Engaging with activities “for children”. (See here.)

Citation: Video Journal of Education and Pedagogy 2022; 10.1163/23644583-bja10029

7 Roping back to the Museum and into the City

The rope full of playful experiences in diverse entanglements with children, nature, fictional creatures, joy and the city, is now delivered back to the museum. Human and nonhuman enmeshment and diffracting entanglements of rope + children + nature + fictional creatures + joy + rhythm + affect + sensation truly trouble the molar representations of unified, stable, and bounded learning and direct us to recalibrate the “closed equation of representation, x = x = not y (1 = 1 = not you) with an open equation: …+ y + z + a…” (Massumi, 1992, p. 6). The “and … and… and” in relation to the “intra-activity” (Barad, 2003) between human and nonhuman bodies, opens for endless diffractions and open-ended connections, multiplicity and noncompliant learning. Being exposed to the rope (which results in many playful, intra-active entanglements and wonders), Ida discovers what is possible when a child and a rope meet. The exhibition and showpieces that she was looking for at the museum had already been constituted in her intra-action with the rope, as materialised in the videos. The videos are the museum’s diffracting exhibition in the ecology of the city.

8 Call for Museal Intra-active Ethico-onto-epistemological Becoming

Through the entanglements constituted by the intra-action of Ida and the rope, we are able to see the museum escaping its orbit and diffracting into the urban ecology. This process is a single example of a noncompliant journey provoked one afternoon in May 2021, but it allows us to imagine many more diffracting ropes that can (intra-)activate the museum’s relational capacities and make it come to matter within the ecosystem of a city.

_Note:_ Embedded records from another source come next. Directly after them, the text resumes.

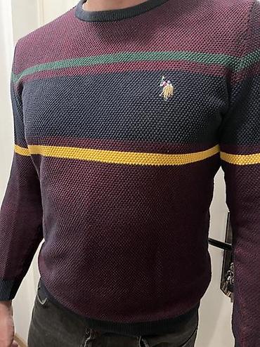 Muški pleteni džemper sa prugama L - Model: okrugli izrez, dugi
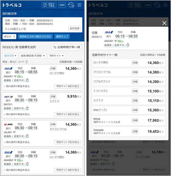 トラベルコ 国内航空券比較サービスは、複数の旅行会社・航空会社が取り扱う国内航空券を一括で検索・比較することのできるサービスです。2023年3月28日、新たにローチケ旅行との連携を開始し、同サイトの取り扱う国内航空券をトラベルコ内で検索・比較することができるようになりました。これにより、予約先サイト・価格の選択肢がさらに充実しました。
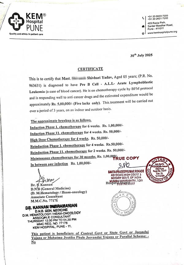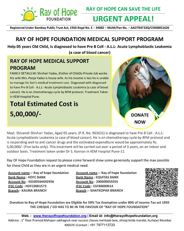 RAY OF HOPE MEDICAL SUPPORT PROGRAM Mr Shivhari Yadav, (Father of Child)is Private Job worke. His wife Mrs. Pooja Yadav is house wife. As his income is less he is unable to manage his Son’s medical treatment cost. Diagnosed with diagnosed to have Pre B Cell - A.L.L- Acute Lymphoblastic Leukemia (a case of blood cancer) He is on chemotherapy cycle by BFM protocol. Treatment Taken in KEM Hospital Pune.
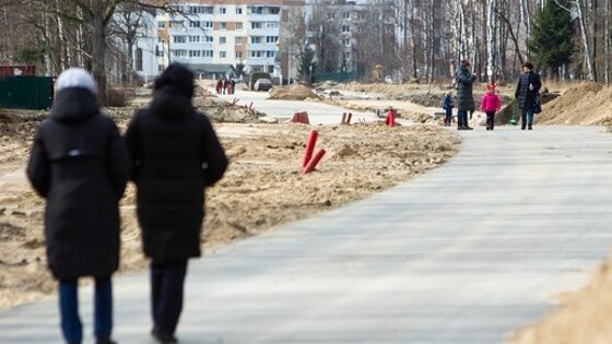 Подрядчик завершает работы. Теперь от памятника-самолёта до жилого микрорайона можно дойти пешком. На Лукашова также начали обустраивать тротуар.
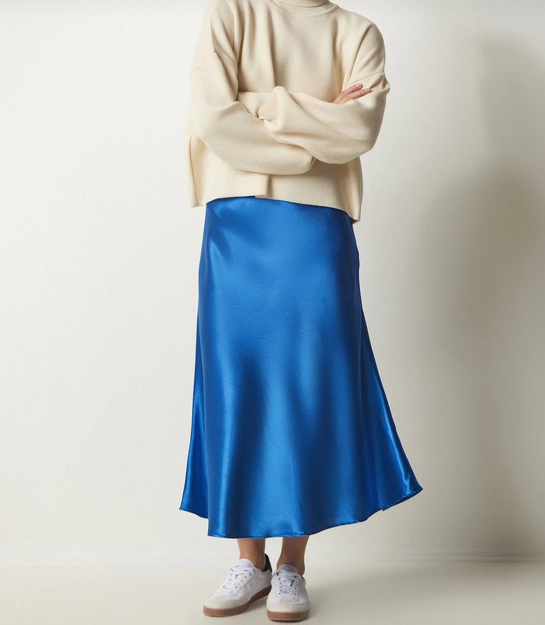 Mavi saten kumaştan, salaş kesim ve drapeli midi etek, minimalist ve çağdaş tarz sunar. Günlük kullanıma uygundur.
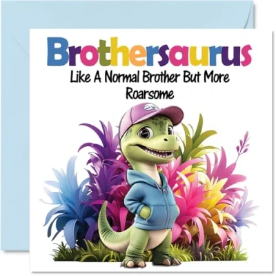 MAKE YOUR BROTHER SMILE WITH THIS BEAUTIFUL BIRTHDAY CARD: This exceptional quality brother birthday card for him shows the design "Brothersaurus Like A Normal Brother But More Roarsome". If you are looking for a beautiful birthday card brother for him, then then this happy birthday brother card is bound to make him smile. Not just a birthday card for brother this could also be a birthday gifts for Brother, Bro or Step Brother. WHAT DO YOU GET: The cards are printed on both sides with the inside print showcasing a cute verse and ample space for your own personal message. The unique fun design is printed on a specially sourced and environmentally responsible board. At 360 microns thick the natural white one-sided gloss board has a quality look and feel. Supplied with a coloured gummed envelope to complement the design and ready to be sealed and sent in the post. NO INK SMUDGES: There is nothing worse than writing inside a card to find that the shiny surface makes the ink smudge. This is why we use a high quality one sided coated board. The uncoated side will absorb more of the ink from your pen to make smudging a thing of the past. Brother birthday cards, brother birthday cards from sister. SIZES: Greeting Card = 145mm x 145mm, Envelope = 155mm x 155mm, Card Thickness = 360 micron. Happy birthday brother, brothers birthday card, brother cards birthday, birthday card brother, happy birthday brother card, brother gifts from sister, happy first birthday as my big brother. MADE AND QUALITY CHECKED IN THE UK: We print and manufacture all our product right her in the UK so you can be sure of a fast turnaround and a product that is expertly made. Using environmentally responsible premium board our card is conscious of the responsible management of the world's forests - happy birthday card brother, brother birthday cards.

The last few years have abounded with heated discussions, controversial publications, and provoking exhibitions on the meaning and role of museums. The necessity of transforming museums into “inclusive, democratized, and polyphonic spaces” (icom, 2019) has been postulated, and in the anthology edited by Janes and Sandell (2019), authors, artists, and researchers from six continents consider other ways in which museums can awaken from immoral inactivity and start making a difference, specifically by detoxing, decolonising, rethinking, and opening spaces for people and their noncompliant acts. This might prove challenging, as “[m]any museums today strongly embrace their role as places of ethical collections stewardship, active centers of learning, and as fulcrums of community engagement” (Kudlik & Luby, 2019, p. 58), while still adhering to some unconsciously biased, exclusionary practices. The museums’ exclusivity, coloniality, and epistemicide are still materialised through the way history is displayed, told and retold, in what is considered heritage and in ways of its preservation. While Kudlik and Luby (2019) focus on disability and its absence in the museum, our empirical material enfolds the absence of children in the exhibited history of fishery and shows how this (absent) heritage can be traced today by following the rope as it is entangled with one child’s curiosity. Let this intra-active and noncompliant constitution of curiosity/knowledge inspire to epistemologically-just and culturally sustaining inclusive museum learning experience, or what Barad (2008) would call an “ethico-onto-epistemological” (as the inseparability of ethics, ontology, and epistemology) endeavour that embraces pluriversality, different epistemic traditions, and alternative ways of being in/with the world (including its past and future).

Acknowledgements

This research is founded by Research Council of Norway, project no. 275575: Kindergarten Knowledge Centre for Systemic Research on Diversity and Sustainable Futures (2018–2023).